At the same time, the law extended and expanded tax cuts disproportionately benefiting higher-income households.


These are not apolitical accounting decisions. They are a statement. The statement says reduced taxes for those at the top of the income scale is more important than the impact of those cuts on families who rely on food assistance and healthcare coverage to get through the month, and infers Americans are comfortable with that.


Whether one agrees with that trade-off or not, it is important to see it clearly for what it is: a choice about whose needs the government will prioritize, and whose it will not.


How to Read a Budget Like a Citizen

You don’t need to be an economist to evaluate a budget as a moral document. You need to ask a few straightforward questions.

  • Who benefits from this spending? Defense contractors, universities, hospitals, individual families, entire regions of the country... different spending decisions reach different people. Following that question tells you whose interests a budget treats as worth serving.

  • Who bears the cost of these cuts? Cuts do not fall evenly. A reduction in food assistance falls on families who depend on it, not on families who don't. A reduction in Medicaid falls on low-income adults and children, not on those with private insurance. Asking who actually absorbs the impact of a cut is different from asking which line item was reduced.

  • What problem is this allocation solving? Every budget choice is, in theory, a response to a problem the government has decided is its responsibility to address. Asking what problem a cut is supposed to solve, and whether eliminating that spending actually solves it, is an important habit for us to start up as voting citizens. Hunger does not go away when food assistance is cut. It goes somewhere else, often into emergency rooms, shelters, and school systems, at costs harder to see and sometimes harder to measure. Cutting the funds doesn’t stop the problem, it just ends the effort to solve the problem.

  • Whose lives become easier, and whose become harder? This is the most direct version of the moral question. A budget that funds universal pre-K makes some lives easier. A budget reducing Medicaid eligibility makes some lives harder. A budget that increases military spending while cutting food assistance makes some lives easier and others actively harder.
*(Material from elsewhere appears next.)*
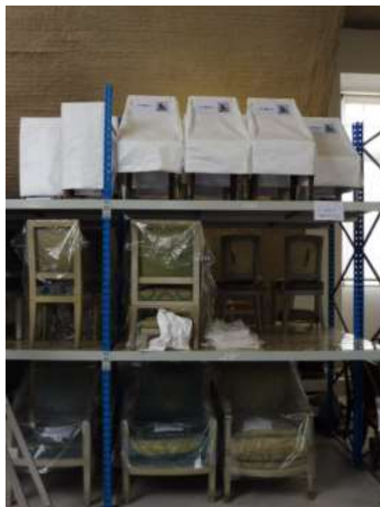
Installation des collections au château de Fontainebleau

Du cahier des charges au conditionnement sous housse, le chantier des collections mis en œuvre au château de Fontainebleau est consacré au traitement de conservation de 700 sièges auparavant stockés sous les toits depuis les années 1960. Ce lot représente environ un tiers des sièges en réserve du château. Réalisé par une équipe pluridisciplinaire de spécialistes, le chantier est organisé sur place, dans un atelier créé en 2013. Il s'agit d'établir une chaîne de traitement efficace : après le déménagement des sièges par convois successifs pour un traitement extérieur contre les insectes, chaque objet fait l'objet d'un constat, puis est dépoussiéré voire dégrassé, parfois consolidé afin de stabiliser tous les matériaux constitutifs de ces sièges pour en assurer la préservation. Objet composite par excellence, le siège nécessite un traitement des bois cirés, vernis, peints ou dorés qui est réalisé avec le respect des garnitures anciennes, des différents textiles présents et de la passementerie, mais aussi du cuir ou du cannage.

These are not hidden facts. They are the predictable and documented consequences of the choices being made.


A Shared Responsibility

In a democracy, a government's budget is ultimately our collective moral statement, made by the representatives we elect, in our name, with our tax dollars. That is not a rhetorical point. It is the actual mechanism of self-governance. We need to vote for the people who will spend the money they are entrusted with for the things making society as a whole work better. This is not a partisan idea. It is the foundational logic of self-governance.


This is why civic engagement is not optional for people who care about the values their government expresses. We can't shove these things under the rug with “oh, we don't talk about politics here.” Life in a society is ultimately political. 


Understanding a budget and knowing what is in it, who wrote it, who voted for it, and who it helps and hurts, is one of the most direct ways to understand what your government actually believes, as opposed to what it says. It is a moral issue. Every major ethical tradition humans have developed, religious or secular, asks the same core question: who do we have obligations to, and how do we fulfill them? A budget is how a government answers that question.


Politicians routinely speak in the language of values: they talk about hard work, fairness, family, freedom, and responsibility. The budget is where those words get translated into action or revealed as rhetoric. When the words and the numbers align, that is integrity.


When they don't, that is information for voters to pay attention to, and in a democratic republic, it is exactly the kind of information citizens need to act on. Our Constitution begins, "We the people, in order to form a more perfect union," because it is meant to work for all of us.